* [What you should do]
Please repeat only the lines below starting at the line that holds "Επιστολή Χ. Πέτρου-Μεσογείτη" and ending at the line that holds "Borsa shopper in", exactly, with both of those lines included and every picture omitted.

* [Data supplied]
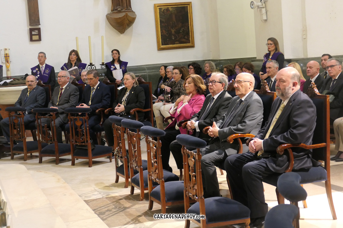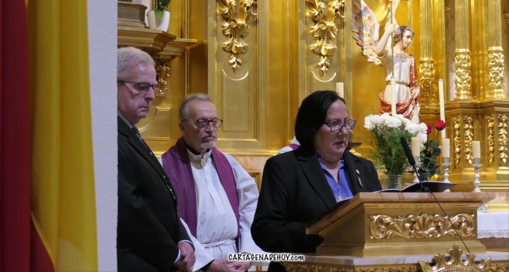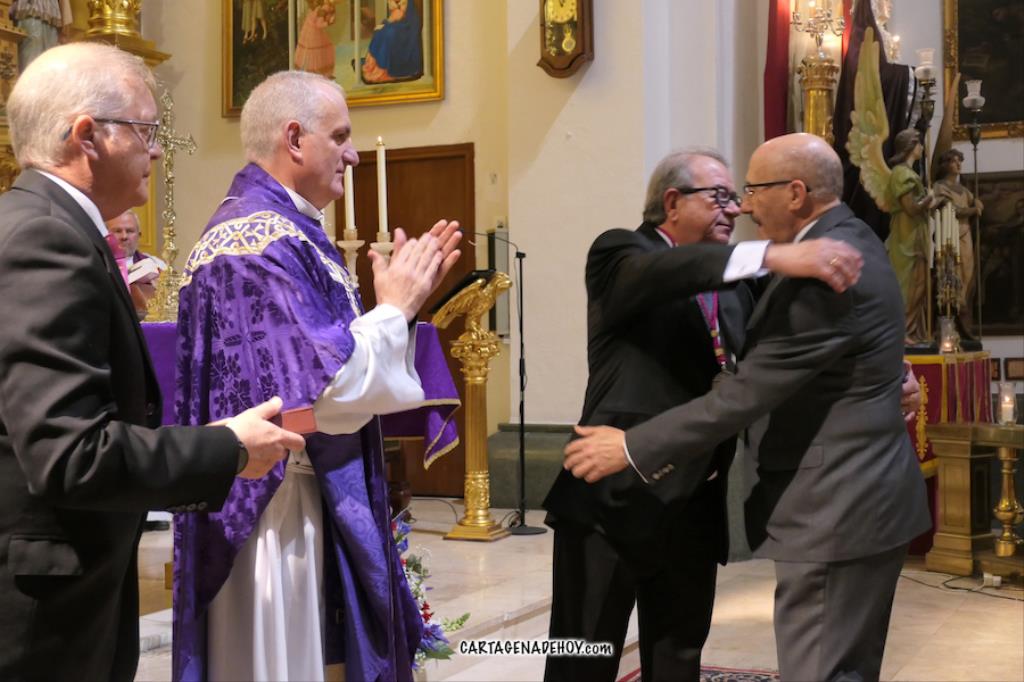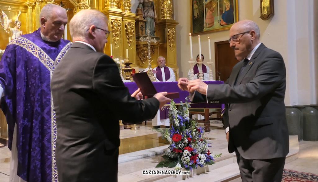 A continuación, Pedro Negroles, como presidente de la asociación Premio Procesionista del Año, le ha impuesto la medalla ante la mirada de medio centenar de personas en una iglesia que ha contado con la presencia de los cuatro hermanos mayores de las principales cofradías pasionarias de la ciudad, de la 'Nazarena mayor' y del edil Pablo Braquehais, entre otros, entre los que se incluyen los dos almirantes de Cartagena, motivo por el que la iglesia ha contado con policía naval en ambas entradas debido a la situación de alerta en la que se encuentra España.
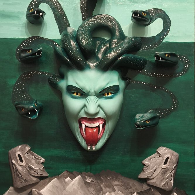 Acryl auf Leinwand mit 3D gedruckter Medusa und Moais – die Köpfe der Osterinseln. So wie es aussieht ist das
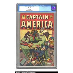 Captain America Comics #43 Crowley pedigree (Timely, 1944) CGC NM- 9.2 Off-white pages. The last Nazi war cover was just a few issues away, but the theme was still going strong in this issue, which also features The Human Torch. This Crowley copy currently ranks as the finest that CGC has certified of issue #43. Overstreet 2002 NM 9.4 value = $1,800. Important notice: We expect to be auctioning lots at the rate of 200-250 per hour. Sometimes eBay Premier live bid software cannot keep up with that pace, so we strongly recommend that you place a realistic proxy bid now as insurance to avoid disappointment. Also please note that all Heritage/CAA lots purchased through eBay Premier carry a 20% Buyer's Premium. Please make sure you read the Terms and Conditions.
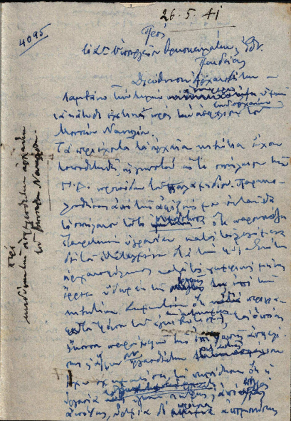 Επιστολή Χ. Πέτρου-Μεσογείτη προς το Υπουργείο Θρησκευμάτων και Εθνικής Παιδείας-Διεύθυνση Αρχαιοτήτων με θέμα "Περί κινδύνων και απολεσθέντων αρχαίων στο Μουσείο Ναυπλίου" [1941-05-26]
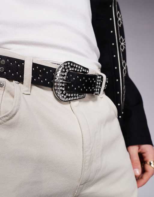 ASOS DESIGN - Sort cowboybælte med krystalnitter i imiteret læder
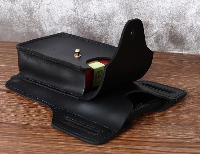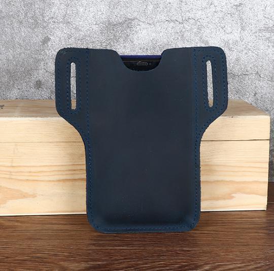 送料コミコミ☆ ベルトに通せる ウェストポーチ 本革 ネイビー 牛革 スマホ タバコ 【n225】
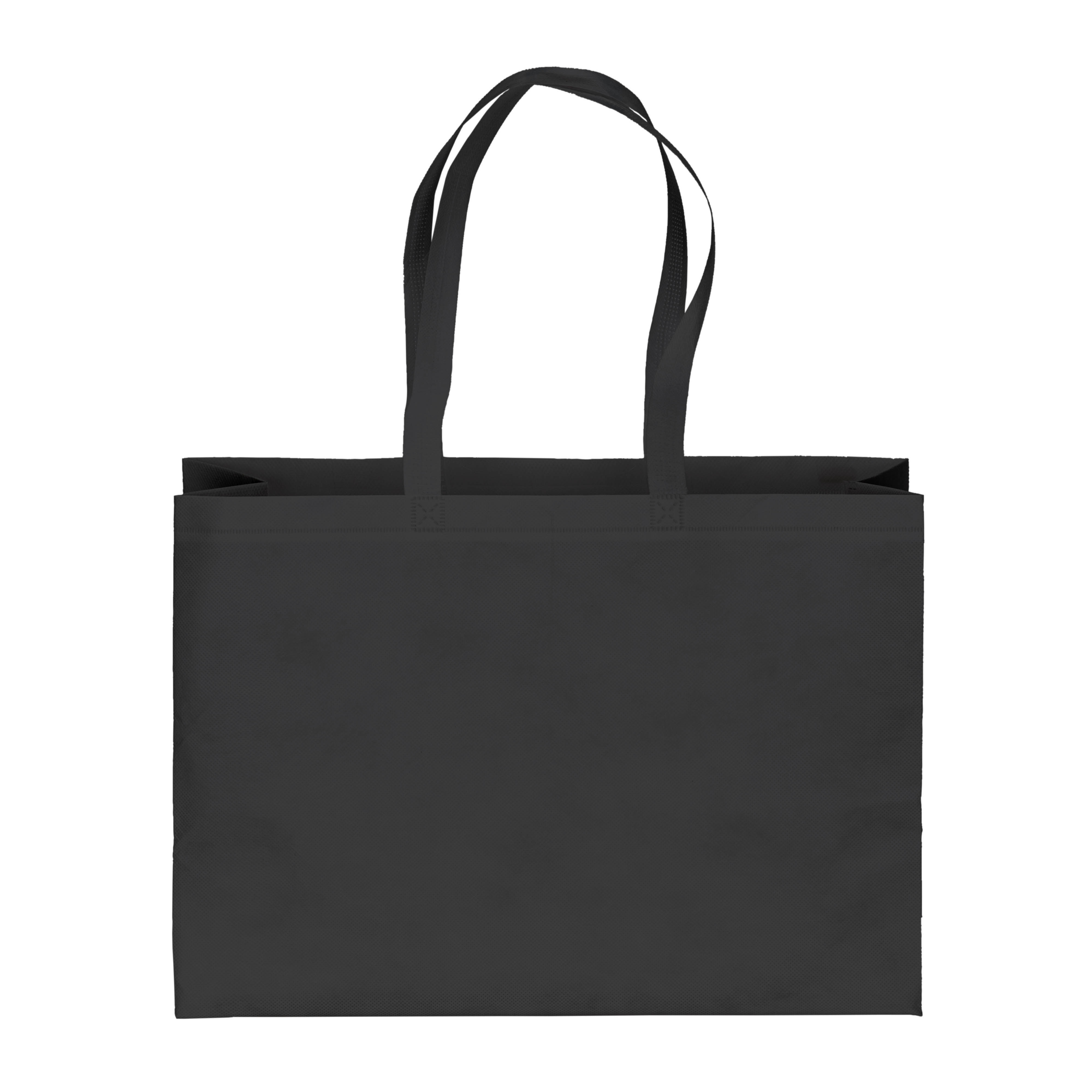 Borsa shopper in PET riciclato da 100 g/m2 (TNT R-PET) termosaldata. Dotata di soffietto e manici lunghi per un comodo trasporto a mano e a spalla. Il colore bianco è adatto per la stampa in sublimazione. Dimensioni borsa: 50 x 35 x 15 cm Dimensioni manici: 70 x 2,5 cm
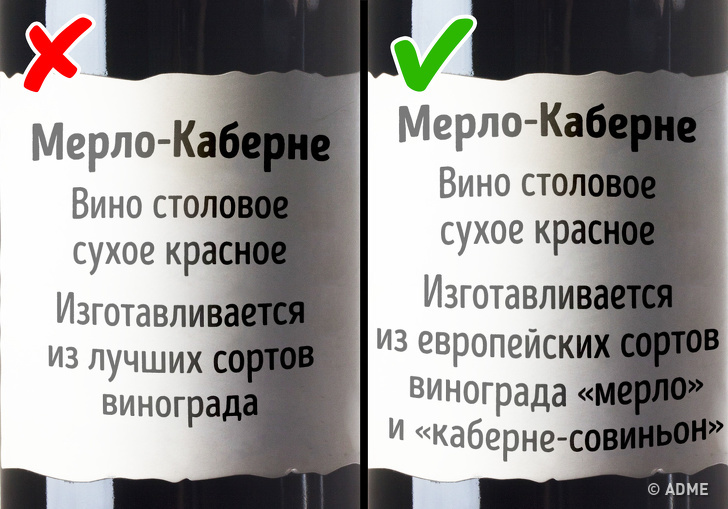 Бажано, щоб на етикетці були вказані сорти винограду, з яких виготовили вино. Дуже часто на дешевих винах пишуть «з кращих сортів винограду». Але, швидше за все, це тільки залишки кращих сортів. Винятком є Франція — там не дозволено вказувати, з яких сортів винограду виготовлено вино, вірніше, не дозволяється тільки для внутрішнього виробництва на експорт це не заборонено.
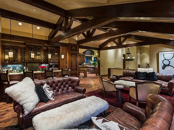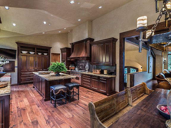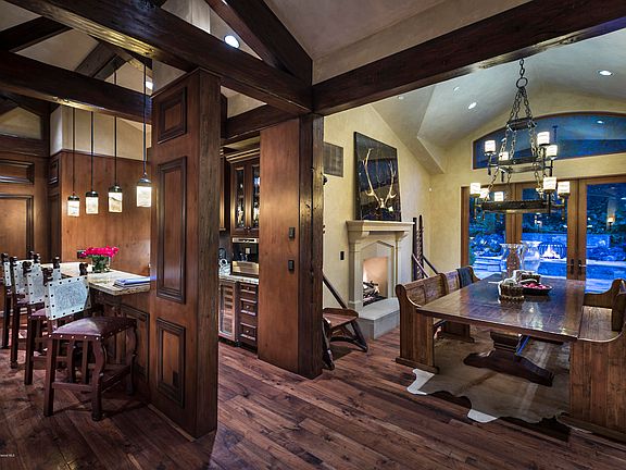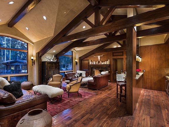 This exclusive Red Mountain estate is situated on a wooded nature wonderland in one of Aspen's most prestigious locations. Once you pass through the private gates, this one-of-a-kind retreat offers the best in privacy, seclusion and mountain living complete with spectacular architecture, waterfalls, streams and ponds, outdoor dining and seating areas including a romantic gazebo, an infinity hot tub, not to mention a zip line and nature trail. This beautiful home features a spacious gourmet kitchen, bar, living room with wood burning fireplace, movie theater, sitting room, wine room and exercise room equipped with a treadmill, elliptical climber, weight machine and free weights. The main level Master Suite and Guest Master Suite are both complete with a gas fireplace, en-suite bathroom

---

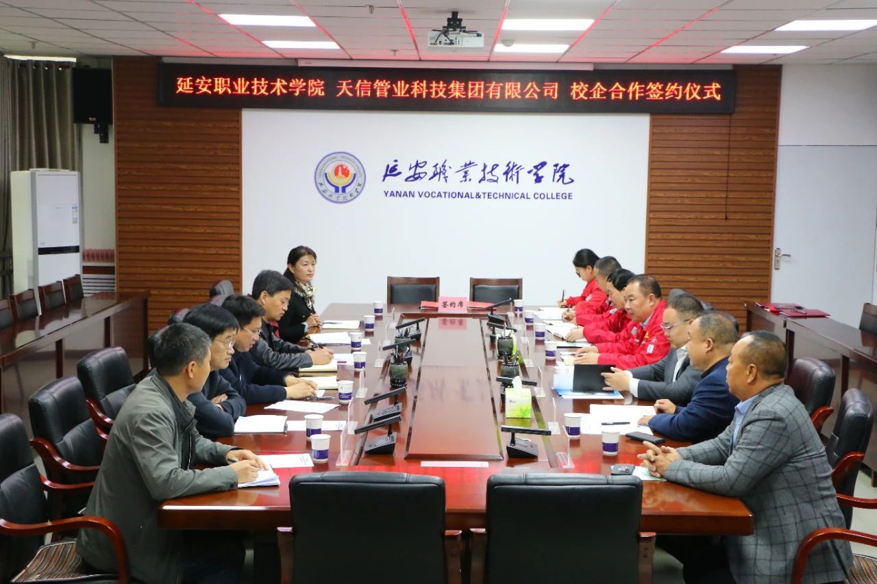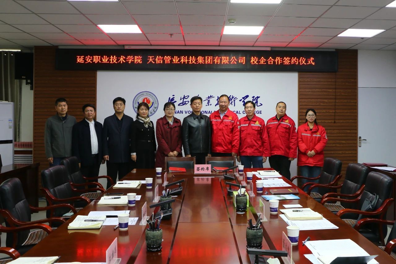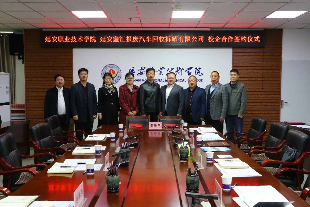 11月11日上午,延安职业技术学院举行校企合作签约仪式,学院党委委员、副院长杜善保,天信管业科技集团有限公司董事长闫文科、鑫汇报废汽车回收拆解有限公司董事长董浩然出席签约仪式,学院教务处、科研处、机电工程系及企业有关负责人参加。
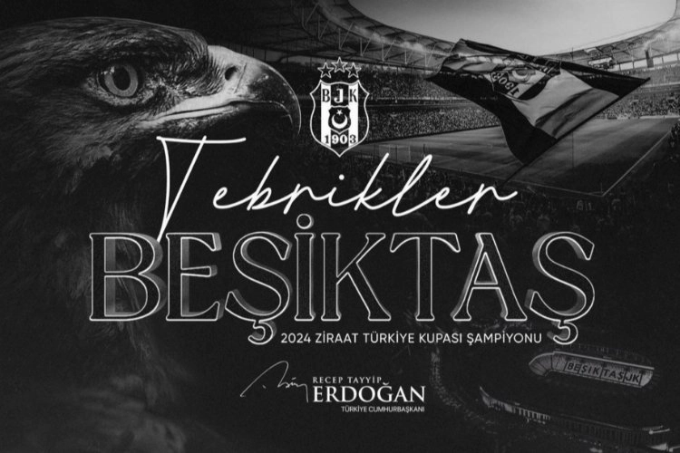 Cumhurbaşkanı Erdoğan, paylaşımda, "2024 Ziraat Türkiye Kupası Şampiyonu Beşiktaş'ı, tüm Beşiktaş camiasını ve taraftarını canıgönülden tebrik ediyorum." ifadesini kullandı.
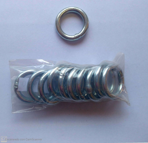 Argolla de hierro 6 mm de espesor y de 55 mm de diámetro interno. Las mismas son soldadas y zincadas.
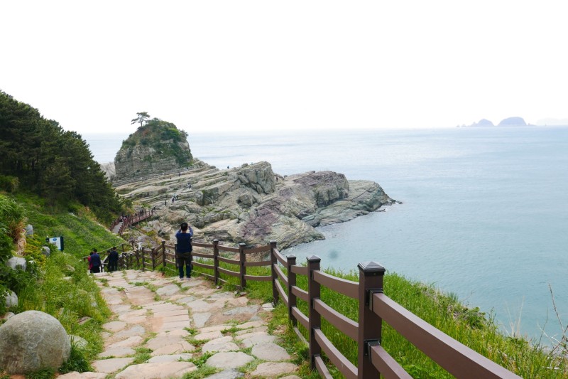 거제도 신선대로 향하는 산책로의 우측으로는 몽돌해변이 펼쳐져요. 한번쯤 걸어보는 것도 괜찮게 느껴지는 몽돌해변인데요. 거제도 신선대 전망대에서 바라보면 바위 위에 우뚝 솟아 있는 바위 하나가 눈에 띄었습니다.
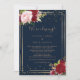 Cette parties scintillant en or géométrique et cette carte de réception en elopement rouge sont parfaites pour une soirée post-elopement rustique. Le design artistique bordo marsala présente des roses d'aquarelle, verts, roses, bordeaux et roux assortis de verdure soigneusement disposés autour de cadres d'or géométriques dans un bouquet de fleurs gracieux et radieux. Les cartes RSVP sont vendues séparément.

* [Finished exercise]
 Επιστολή Χ. Πέτρου-Μεσογείτη προς το Υπουργείο Θρησκευμάτων και Εθνικής Παιδείας-Διεύθυνση Αρχαιοτήτων με θέμα "Περί κινδύνων και απολεσθέντων αρχαίων στο Μουσείο Ναυπλίου" [1941-05-26]
 ASOS DESIGN - Sort cowboybælte med krystalnitter i imiteret læder
 送料コミコミ☆ ベルトに通せる ウェストポーチ 本革 ネイビー 牛革 スマホ タバコ 【n225】
 Borsa shopper in PET riciclato da 100 g/m2 (TNT R-PET) termosaldata. Dotata di soffietto e manici lunghi per un comodo trasporto a mano e a spalla. Il colore bianco è adatto per la stampa in sublimazione. Dimensioni borsa: 50 x 35 x 15 cm Dimensioni manici: 70 x 2,5 cm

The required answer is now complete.